# What is being asked:
Of the lines listed below, return exactly those that run from the line containing "Fogão Cooktop Elétrico" through the line containing "Выполнены работы по", both included.

# Data extract:
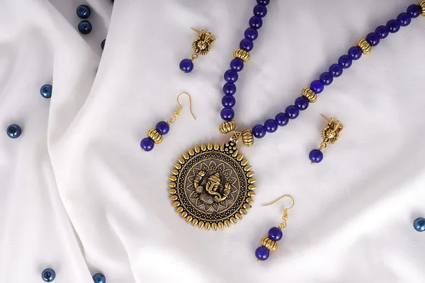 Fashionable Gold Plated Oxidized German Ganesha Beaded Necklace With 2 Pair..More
--
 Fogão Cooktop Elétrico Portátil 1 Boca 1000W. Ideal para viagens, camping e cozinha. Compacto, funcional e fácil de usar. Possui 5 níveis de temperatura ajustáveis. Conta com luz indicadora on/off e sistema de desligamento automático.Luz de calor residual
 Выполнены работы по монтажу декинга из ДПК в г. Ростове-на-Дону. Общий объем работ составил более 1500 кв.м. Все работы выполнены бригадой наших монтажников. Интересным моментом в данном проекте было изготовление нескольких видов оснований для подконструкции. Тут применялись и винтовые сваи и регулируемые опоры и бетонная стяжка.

# Final answer:
 Fogão Cooktop Elétrico Portátil 1 Boca 1000W. Ideal para viagens, camping e cozinha. Compacto, funcional e fácil de usar. Possui 5 níveis de temperatura ajustáveis. Conta com luz indicadora on/off e sistema de desligamento automático.Luz de calor residual
 Выполнены работы по монтажу декинга из ДПК в г. Ростове-на-Дону. Общий объем работ составил более 1500 кв.м. Все работы выполнены бригадой наших монтажников. Интересным моментом в данном проекте было изготовление нескольких видов оснований для подконструкции. Тут применялись и винтовые сваи и регулируемые опоры и бетонная стяжка.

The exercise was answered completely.